Visit the main page
2018 Benchmark Summary
The table below summarizes the results of the 2018 benchmark study. It shows the top-3 tools from each test. Times are in seconds. The tsv-utils tools are in italics. (Except for csv2tsv, tsv-utils tool names start with "tsv-".)
The benchmarks are described in detail in the Comparative Benchmark Study and the 2017 and 2018 comparative benchmark reports. These reports include goals, methodology, test details, caveats, conclusions, etc.

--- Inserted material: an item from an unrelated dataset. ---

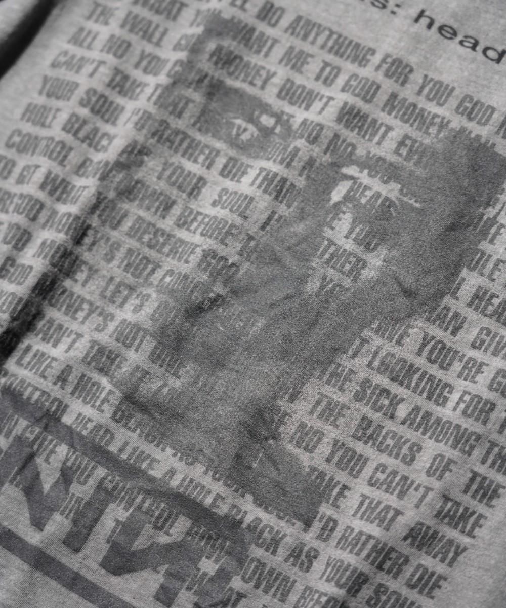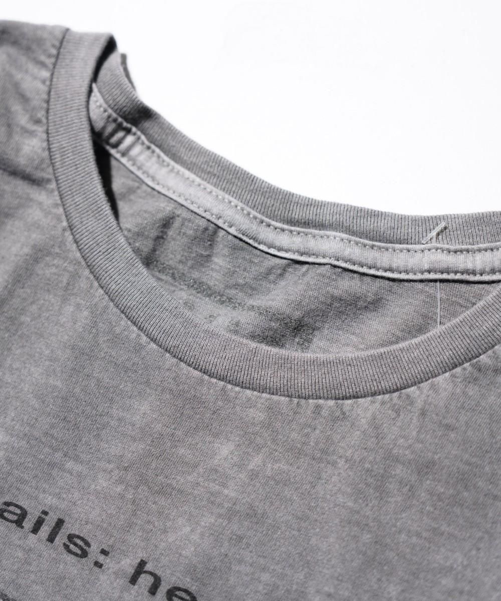 ※こちらの商品は1点物となります。USED加工の商品です。生地のムラ、シミ等はUSED加工ならではのリアル感を追求しています。必ずしも袖の長さが左右一致しているわけではありません。また、プリントやボディの色味につきましても特性上若干の色ブレがございます。ご理解、ご了承の上ご購入下さい。

Top three tools in each benchmark
|Numeric Row Filter||Linux||tsv-filter||5.48||mawk||11.31||GNU awk||42.80|
|(4.8 GB, 7M lines)||Mac OS||tsv-filter||3.35||mawk||15.05||GNU awk||24.25|
|Regex Row Filter||Linux||xsv||7.97||tsv-filter||8.80||mawk||17.74|
|(2.7 GB, 14M lines)||Mac OS||xsv||7.03||tsv-filter||8.28||GNU awk||16.47|
|(4.8 GB, 7M lines)||Mac OS||tsv-select||2.93||xsv||7.67||csvtk||11.00|
|Column selection (narrow)||Linux||GNU cut||5.60||tsv-select||8.26||xsv||13.60|
|(1.7 GB, 86M lines)||Mac OS||xsv||9.22||tsv-select||10.18||GNU cut||10.65|
|Join two files||Linux||tsv-join||26.68||xsv||68.02||csvtk||98.51|
|(4.8 GB, 7M lines)||Mac OS||tsv-join||21.78||xsv||60.03||csvtk||82.43|
|Summary statistics||Linux||tsv-summarize||15.78||xsv||44.38||GNU Datamash||48.51|
|(4.8 GB, 7M lines)||Mac OS||tsv-summarize||9.82||xsv||35.32||csvtk||45.92|
|(2.7 GB, 14M lines)||Mac OS||csv2tsv||10.91||xsv||14.38||csvtk||32.49|
Comparative Benchmark Study
Performance is a key motivation for using D rather an interpreted language like Python or Perl. It is also a consideration in choosing between D and C/C++. To gauge D's performance, benchmarks were run comparing eBay's TSV Utilities to a number of similar tools written in other native compiled programming languages. Included were traditional Unix tools as well as several specialized toolkits. Programming languages involved were C, Go, and Rust.
The larger goal was to see how D programs would compare when written in a straightforward style, as if by a team of well qualified programmers in the course of normal development. Attention was giving to choosing good algorithms and identifying poorly performing code constructs, but heroic measures were not used to gain performance. D's standard library was used extensively, without writing custom versions of core algorithms or containers. Unnecessary GC allocation was avoided, but GC was used rather manual memory management. Higher-level I/O primitives were used rather than custom buffer management.
This larger goal was also the motivation for using multiple benchmarks and a variety of tools. Single points of comparison are more likely to be biased (less reliable) due to the differing goals and quality of the specific application.
The study was conducted in March 2017. An update done in April 2018 using the fastest tools from the initial study.
The D programs performed extremely well, exceeding the author's expectations. Six benchmarks were used in the 2017 study, the D tools were the fastest on each, often by significant margins. This is impressive given that very little low-level programming was done. In the 2018 update the TSV Utilities were first or second on all benchmarks. The TSV Utilities were faster than in 2017, but several of the other tools had gotten faster as well.
As with most benchmarks, there are caveats. The tools used for comparison are not exact equivalents, and in many cases have different design goals and capabilities likely to impact performance. Tasks performed are highly I/O dependent and follow similar computational patterns, so the results may not transfer to other applications.
Despite limitations of the benchmarks, this is certainly a good result. The benchmarks engage a fair range of programming constructs, and the comparison basis includes nine distinct implementations and several long tenured Unix tools. As a practical matter, performance of the tools has changed the author's personal work habits, as calculations that used to take 15-20 seconds are now instantaneous, and calculations that took minutes often finish in 10 seconds or so.
LTO and PGO studies
In the fall of 2017 eBay's TSV Utilities were used as the basis for studying Link Time Optimization (LTO) and Profile Guided Optimization (PGO). In D, the LLVM versions of these technologies are made available via LDC, the LLVM-based D Compiler.
Both LTO and PGO resulted in significant performance gains. Details are on the LTO and PGO Evaluation page.
Additional information about LTO and PGO can be found on the Building with LTO and PGO page. The slide decks from presentations at Silicon Valley D Meetup (December 2017) and DConf 2018 also contain useful information, including additional references to other resources about LTO and PGO.